The unpredictability of gamers’ online behaviour means the automatic scaling capability of the cloud is a particular benefit for Sega, allowing it to access a fully on-demand processing capability.

Sega historically used datacentre services firm Control Circle to manage its server footprint. According to Wright, Sega has nothing left with Control Circle, but is obliged to continue paying the provider until the end of the contract despite having migrated all its corporate systems, including Office and Oracle tools.

“We are very happy about phasing the old datacentre out. The sooner we get all these old contracts out of the way and start dealing with what would be almost daily contracts with the cloud set-up, the better,” Wright says.

“By moving to the cloud, we don’t have to worry about things like mechanical or network failures, air conditioning, breaking or power outages,” he adds.

“Of course you have service-level agreements, but you always have problems too. With the cloud, I am a lot more flexible and don’t have to worry about the issues I might have had before with physical services.”

The complexities of the move

But the move to IaaS brought its own complexities. According to Wright, the IaaS approach requires different ways of working, so staff skills changes were needed, as well as new policies and procedures.

The various Sega offices worldwide traditionally ran disparate corporate systems and Wright’s team is trying to bring a more orderly approach to the situation, rolling out Cisco unified communications across all offices and Microsoft Office tools.

“Sega faces many challenges, due to different time zones and language barriers, but fortunately we are a technically driven business and so have the procedures and systems in place to ensure communication and collaboration are always being improved,” he says.

Wright adds that, given the historic disparity of systems and the need to standardise corporate platforms first, he will be avoiding a straight move to cloud products such as Office 365, despite it being his preferred option.

“The key reason we are not moving [to Office 365] is that we want to take it one step at a time. Once we have the rest of the business aligned we can look at the next stage but it is inevitable that we will end up using Microsoft cloud services – there is no doubt about it,” says Wright.

“But at the moment the key point is aligning corporate systems across North America, Europe and Japan on the same level playing field, as everyone has been doing their own thing.”

Not wanting to commit too much is another reason why Wright has not set a roadmap for a cloud migration of Office tools.

“One of the things companies tend to get burned on is all these contracts and commitments. That is not true for Microsoft but, with all the others, many IT leaders tend to make a forecast and commit to something but are unsure of what the requirement will be months from now,” he says.

“And one of the main benefits of IaaS is being able to tear the set-up down if there is a change of strategy for any reason and you also spend less.”

If we were to store all that data ourselves it would be difficult. If you do it in the cloud, you can store more and more data.
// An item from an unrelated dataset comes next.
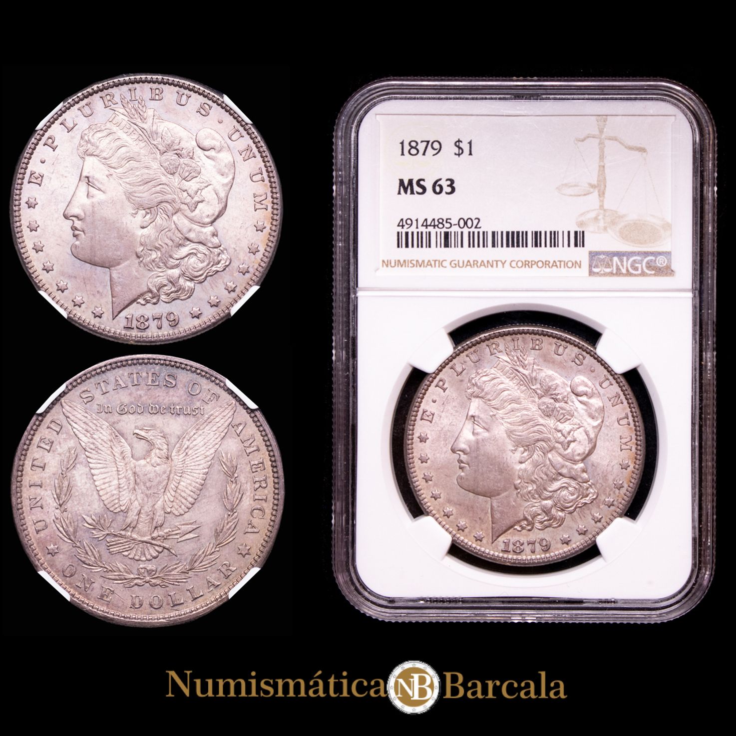 Numismática Barcala > Productos > Monedas Mundiales > America Norte > Estados Unidos > Estados Unidos. 1 dólar (26,56 g.). Filadelfia, 1879. Kr. 110. Encapsulada por la NGC MS63.

As technology options develop, the cost of storage gets cheaper and you get a better deal every year

Stuart Wright, Sega Europe

Data matters

As games often have a social or multiplayer element connected to the internet, Sega Europe ends up processing terabytes of data that is useful for customers, as they can share information such as scores. This is useful for Sega as it gives an insight to what games are successful and also to developers, as they can understand more about player behaviour.

Sega is also putting systems in place for better business intelligence capabilities. Wright’s team uses the Microsoft Business Intelligence ecosystem, which includes master data services and data quality services.

The firm also employs a combination of Amazon Relational Database Service, Microsoft SQL Server, Hadoop MapReduce and Hive technologies for data integration.

But managing all that data is not easy – storage being one example of the complexity.

“If we were to store all that data ourselves it would be difficult. If you do it in the cloud, you can store more and more data. As technology options develop, the cost of storage gets cheaper and you get a better deal every year,” says Wright.

“But it is not simple. We have to use various tools to clean it all up and then we can archive things. And since a lot of people struggle with cloud as a concept, it is wise to keep a separation, so we keep certain types of sensitive data in the Sega cloud.”